(Records supplied)
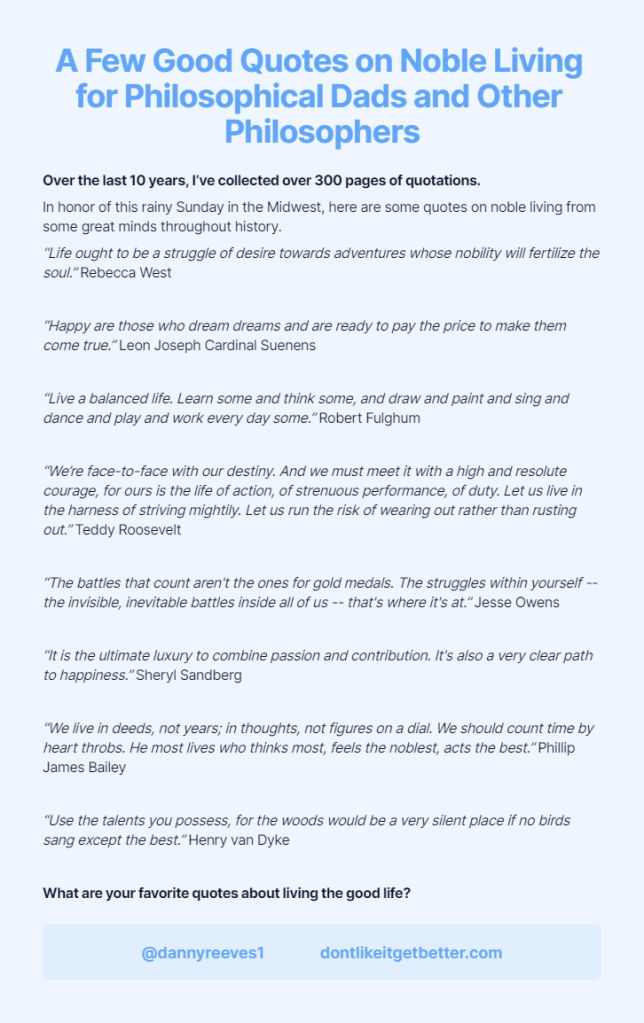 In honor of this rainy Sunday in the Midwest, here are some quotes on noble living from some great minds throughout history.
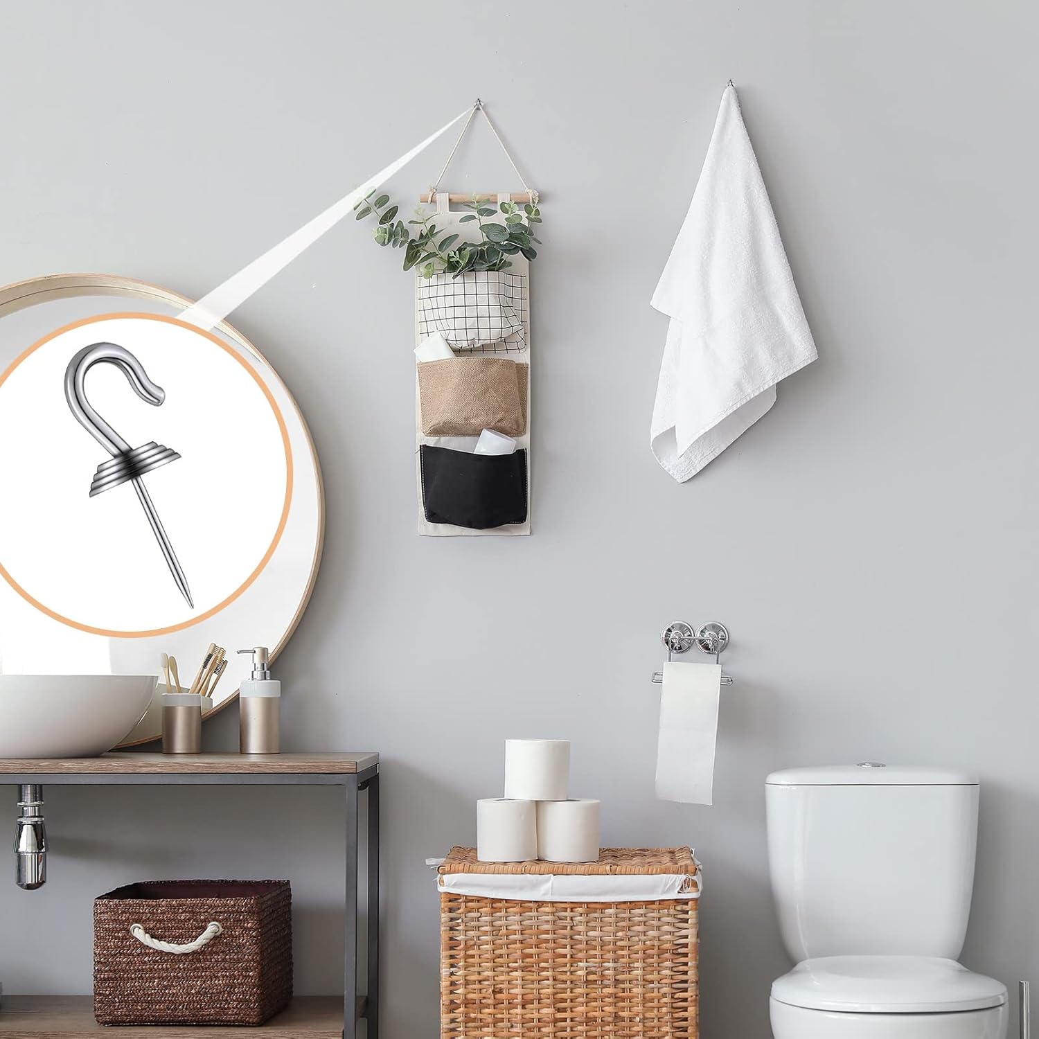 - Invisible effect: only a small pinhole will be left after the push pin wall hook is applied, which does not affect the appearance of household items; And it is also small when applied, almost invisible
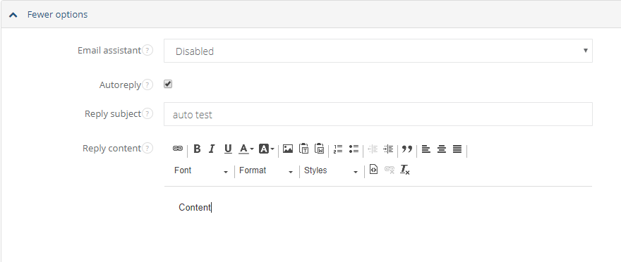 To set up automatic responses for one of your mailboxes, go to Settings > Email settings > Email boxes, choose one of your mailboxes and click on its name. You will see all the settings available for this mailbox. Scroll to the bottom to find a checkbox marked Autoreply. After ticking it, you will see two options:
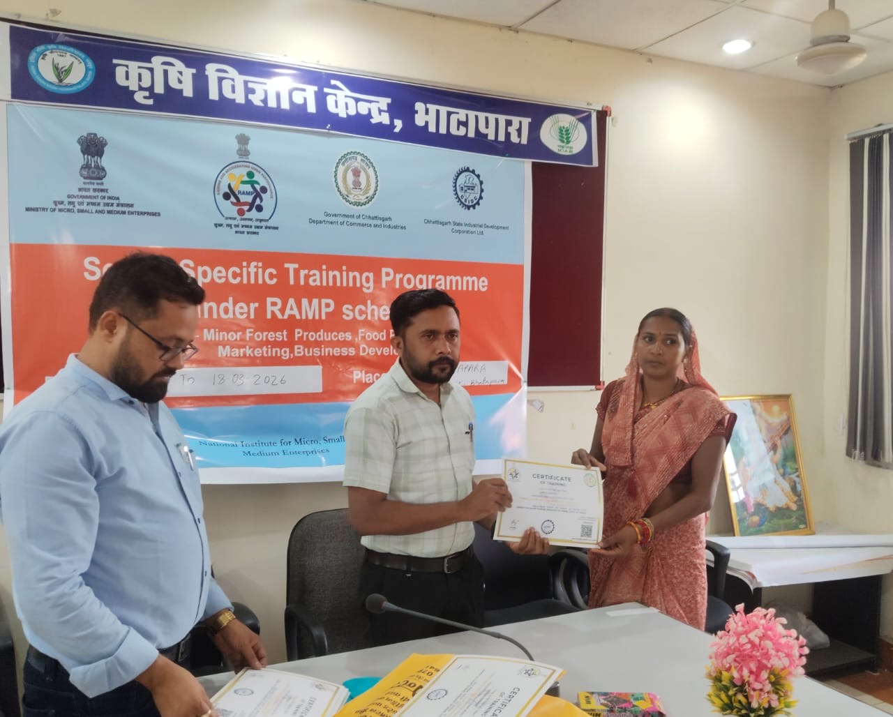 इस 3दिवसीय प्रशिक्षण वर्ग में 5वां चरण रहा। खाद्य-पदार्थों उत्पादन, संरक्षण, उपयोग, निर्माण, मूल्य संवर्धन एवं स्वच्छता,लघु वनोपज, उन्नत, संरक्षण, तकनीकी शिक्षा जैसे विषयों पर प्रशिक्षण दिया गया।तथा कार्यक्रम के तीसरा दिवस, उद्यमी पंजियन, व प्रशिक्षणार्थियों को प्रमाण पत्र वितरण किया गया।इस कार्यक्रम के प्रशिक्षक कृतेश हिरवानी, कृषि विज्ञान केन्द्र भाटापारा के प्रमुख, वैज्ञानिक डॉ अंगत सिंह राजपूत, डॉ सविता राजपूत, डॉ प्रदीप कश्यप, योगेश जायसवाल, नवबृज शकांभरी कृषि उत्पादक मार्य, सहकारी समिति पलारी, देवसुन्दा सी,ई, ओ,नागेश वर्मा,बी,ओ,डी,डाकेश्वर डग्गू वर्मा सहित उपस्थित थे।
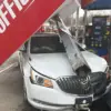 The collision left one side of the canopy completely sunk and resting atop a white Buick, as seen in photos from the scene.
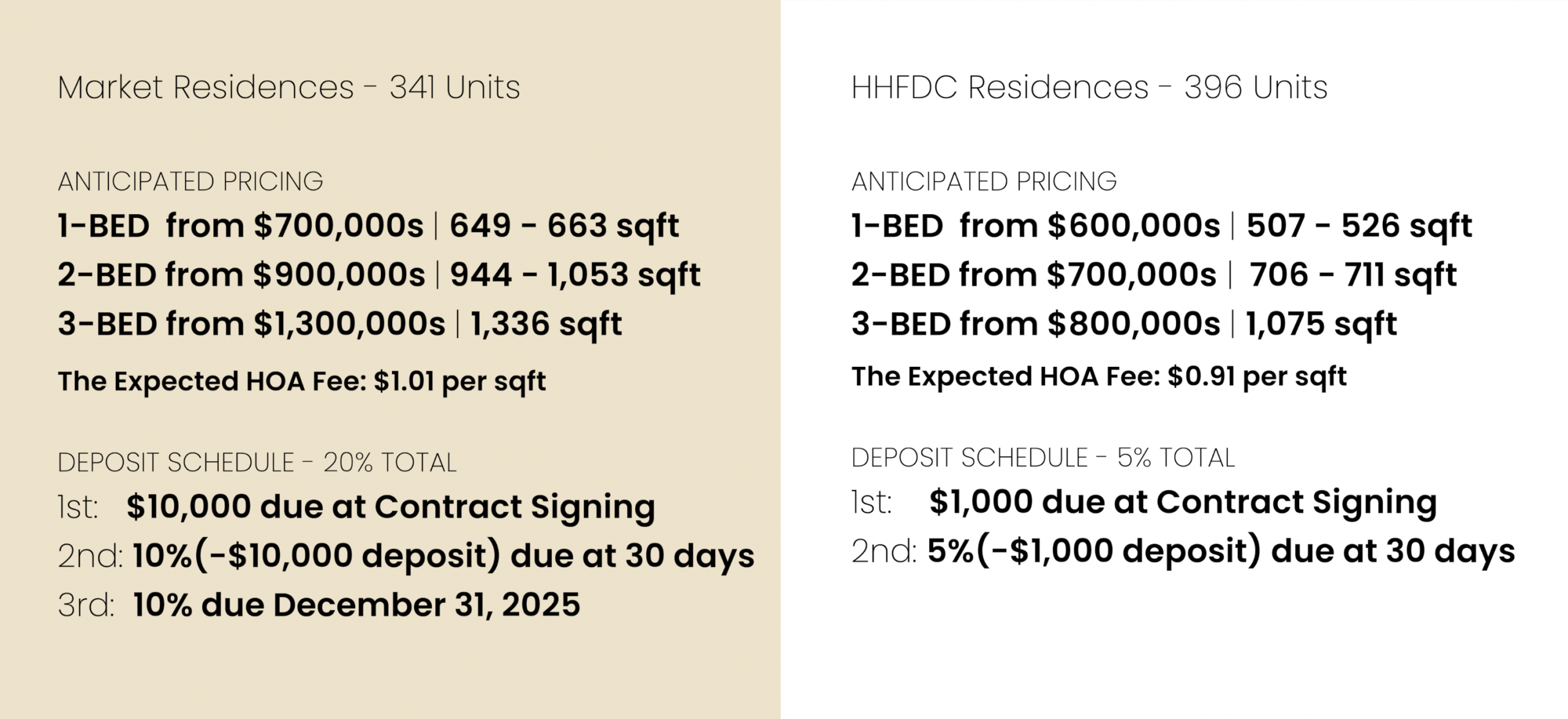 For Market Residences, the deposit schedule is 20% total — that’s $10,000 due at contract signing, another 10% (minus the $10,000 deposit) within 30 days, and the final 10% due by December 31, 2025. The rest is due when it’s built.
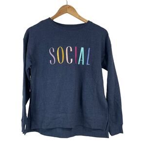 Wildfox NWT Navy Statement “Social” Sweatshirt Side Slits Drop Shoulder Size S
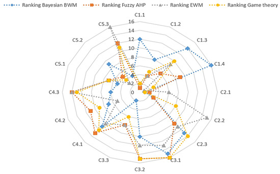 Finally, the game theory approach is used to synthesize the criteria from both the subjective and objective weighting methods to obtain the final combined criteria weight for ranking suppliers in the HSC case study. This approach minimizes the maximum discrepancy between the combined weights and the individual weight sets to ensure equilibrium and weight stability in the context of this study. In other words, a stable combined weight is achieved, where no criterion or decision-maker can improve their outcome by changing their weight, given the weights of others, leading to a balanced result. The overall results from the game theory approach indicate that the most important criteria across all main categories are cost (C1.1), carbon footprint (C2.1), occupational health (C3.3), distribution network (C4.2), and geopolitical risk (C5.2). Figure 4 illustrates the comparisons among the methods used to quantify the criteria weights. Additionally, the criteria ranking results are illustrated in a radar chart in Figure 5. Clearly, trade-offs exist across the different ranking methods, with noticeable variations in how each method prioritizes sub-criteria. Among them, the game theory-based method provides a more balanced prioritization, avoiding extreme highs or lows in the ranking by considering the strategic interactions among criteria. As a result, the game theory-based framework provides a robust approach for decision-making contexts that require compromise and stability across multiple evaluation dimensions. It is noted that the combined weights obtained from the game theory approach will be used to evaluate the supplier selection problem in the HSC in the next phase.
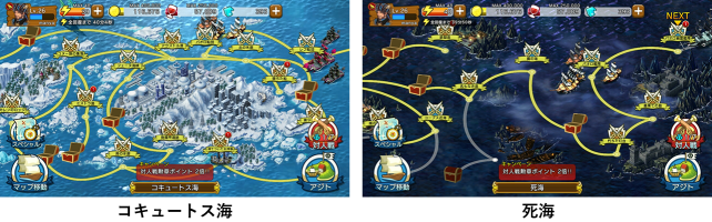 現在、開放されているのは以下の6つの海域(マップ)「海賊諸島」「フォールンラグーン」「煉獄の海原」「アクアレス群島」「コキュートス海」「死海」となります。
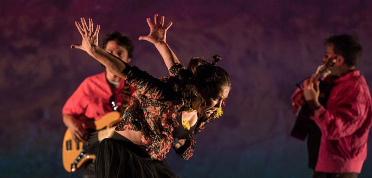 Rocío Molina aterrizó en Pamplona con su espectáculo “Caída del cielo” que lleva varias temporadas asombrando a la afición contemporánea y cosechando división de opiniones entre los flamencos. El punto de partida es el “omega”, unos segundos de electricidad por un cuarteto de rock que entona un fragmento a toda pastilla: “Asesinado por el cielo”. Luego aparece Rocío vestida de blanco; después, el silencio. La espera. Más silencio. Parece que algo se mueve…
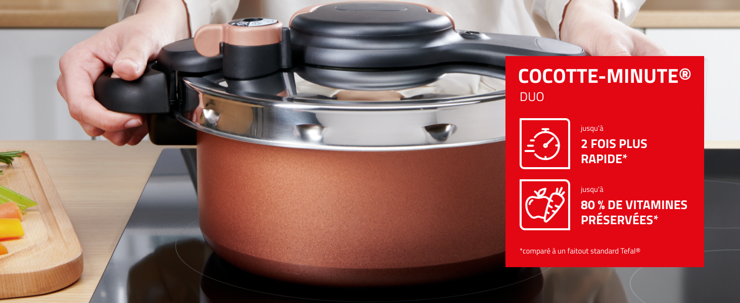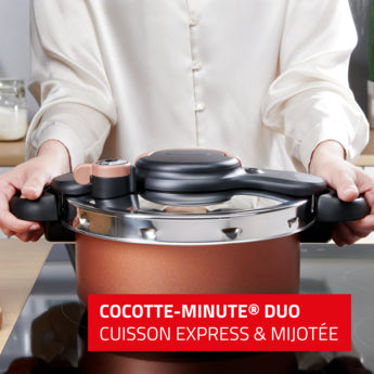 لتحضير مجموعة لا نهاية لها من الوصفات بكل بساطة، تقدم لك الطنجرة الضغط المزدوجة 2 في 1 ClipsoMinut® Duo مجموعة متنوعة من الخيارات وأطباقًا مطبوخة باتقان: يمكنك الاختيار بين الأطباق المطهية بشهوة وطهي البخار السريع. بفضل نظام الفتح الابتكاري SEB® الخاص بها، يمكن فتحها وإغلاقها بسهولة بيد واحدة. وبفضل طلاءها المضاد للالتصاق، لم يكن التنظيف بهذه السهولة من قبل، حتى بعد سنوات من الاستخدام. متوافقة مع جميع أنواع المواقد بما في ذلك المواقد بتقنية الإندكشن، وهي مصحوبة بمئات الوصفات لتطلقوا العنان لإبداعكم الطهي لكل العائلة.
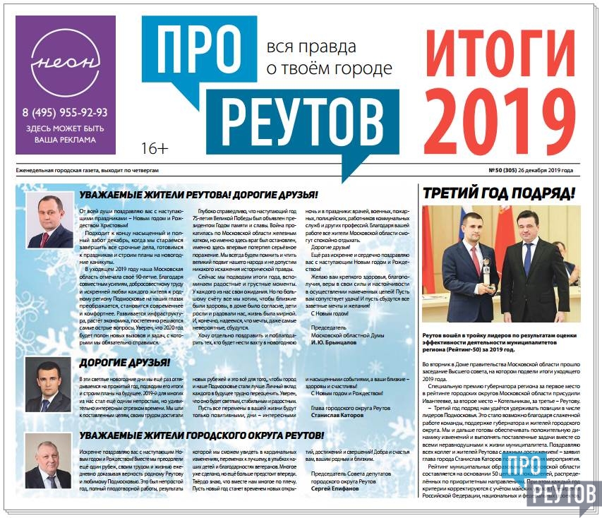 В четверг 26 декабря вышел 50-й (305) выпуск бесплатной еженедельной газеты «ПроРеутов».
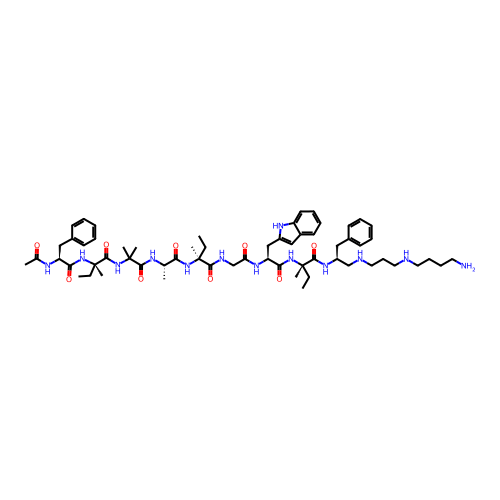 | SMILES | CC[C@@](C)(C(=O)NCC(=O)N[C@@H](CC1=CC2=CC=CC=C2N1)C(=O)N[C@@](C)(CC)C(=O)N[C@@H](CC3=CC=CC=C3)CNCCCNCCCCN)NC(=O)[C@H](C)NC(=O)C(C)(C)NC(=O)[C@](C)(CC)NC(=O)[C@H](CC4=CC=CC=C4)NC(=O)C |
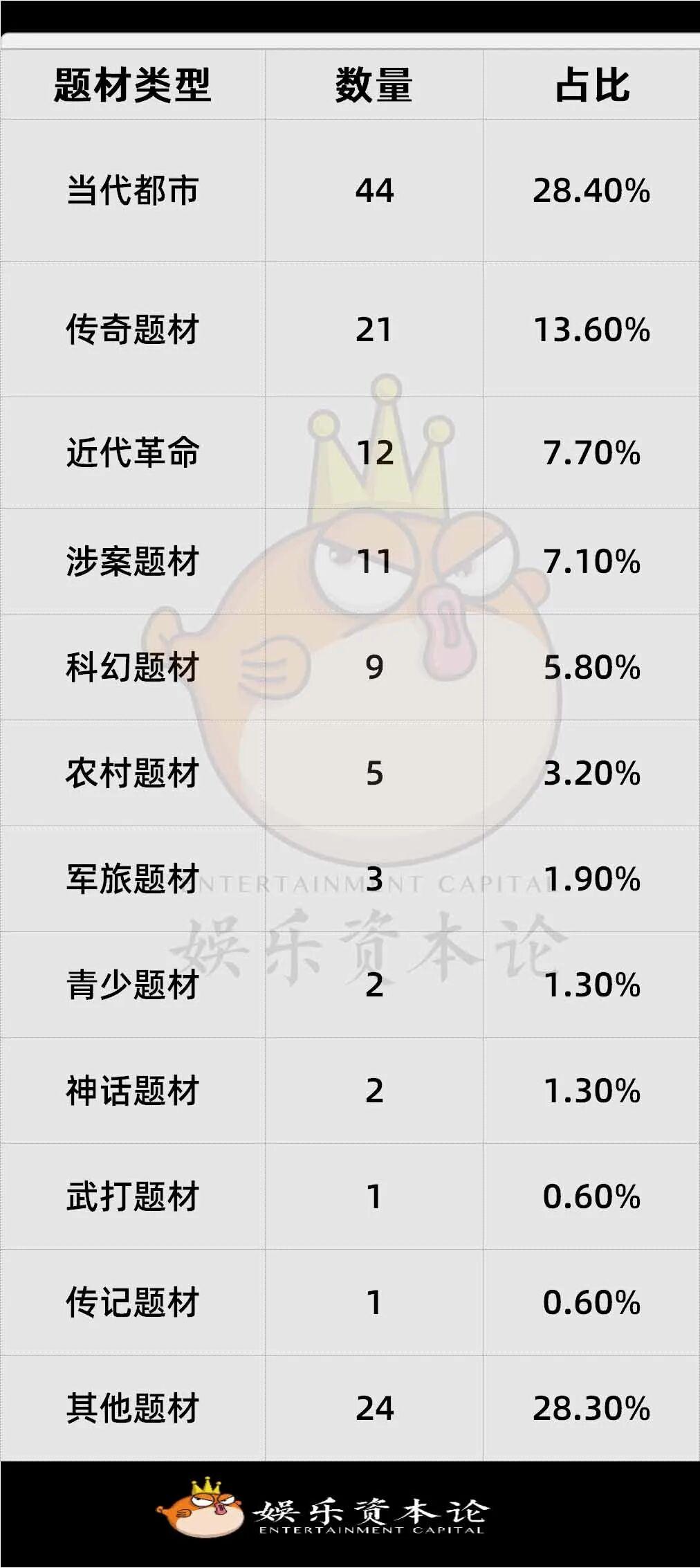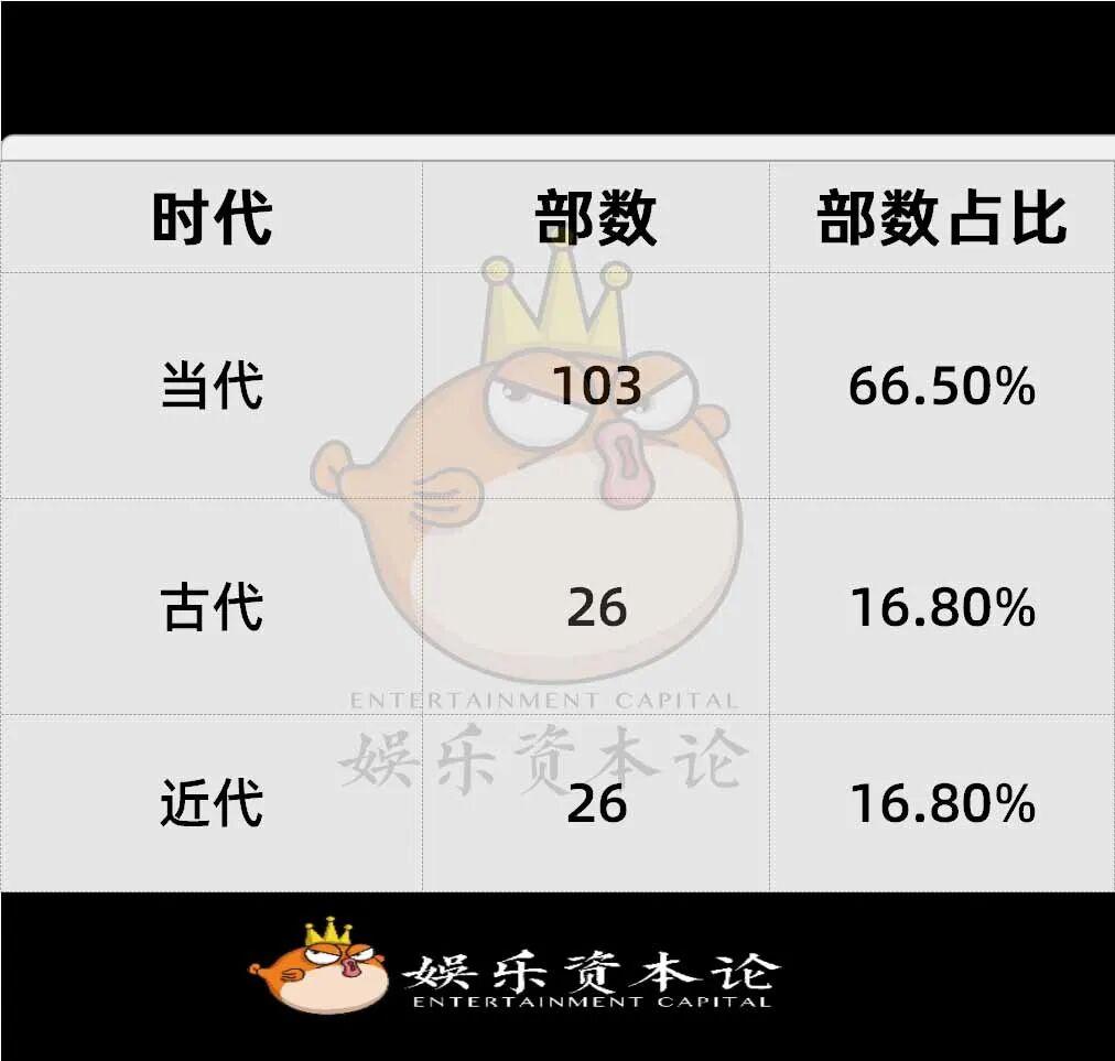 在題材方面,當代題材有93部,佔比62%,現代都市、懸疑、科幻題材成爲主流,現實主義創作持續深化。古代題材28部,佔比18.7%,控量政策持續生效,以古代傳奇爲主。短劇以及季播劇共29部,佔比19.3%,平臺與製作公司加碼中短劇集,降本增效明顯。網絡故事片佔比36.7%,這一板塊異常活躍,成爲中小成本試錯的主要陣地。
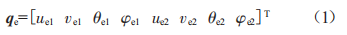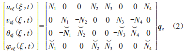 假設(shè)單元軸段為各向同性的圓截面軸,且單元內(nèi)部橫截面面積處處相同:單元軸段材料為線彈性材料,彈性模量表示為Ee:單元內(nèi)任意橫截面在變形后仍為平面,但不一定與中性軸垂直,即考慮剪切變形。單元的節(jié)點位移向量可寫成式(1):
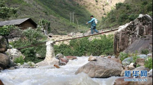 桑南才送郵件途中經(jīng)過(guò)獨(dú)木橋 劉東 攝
(End Records supplied)
§ Instructions to follow
Copy only this, please: the line with "在題材方面,當代題材有93部" and every line after it through the end of the data, with no pictures.

§ Answer section
 在題材方面,當代題材有93部,佔比62%,現代都市、懸疑、科幻題材成爲主流,現實主義創作持續深化。古代題材28部,佔比18.7%,控量政策持續生效,以古代傳奇爲主。短劇以及季播劇共29部,佔比19.3%,平臺與製作公司加碼中短劇集,降本增效明顯。網絡故事片佔比36.7%,這一板塊異常活躍,成爲中小成本試錯的主要陣地。
 假設(shè)單元軸段為各向同性的圓截面軸,且單元內(nèi)部橫截面面積處處相同:單元軸段材料為線彈性材料,彈性模量表示為Ee:單元內(nèi)任意橫截面在變形后仍為平面,但不一定與中性軸垂直,即考慮剪切變形。單元的節(jié)點位移向量可寫成式(1):
 桑南才送郵件途中經(jīng)過(guò)獨(dú)木橋 劉東 攝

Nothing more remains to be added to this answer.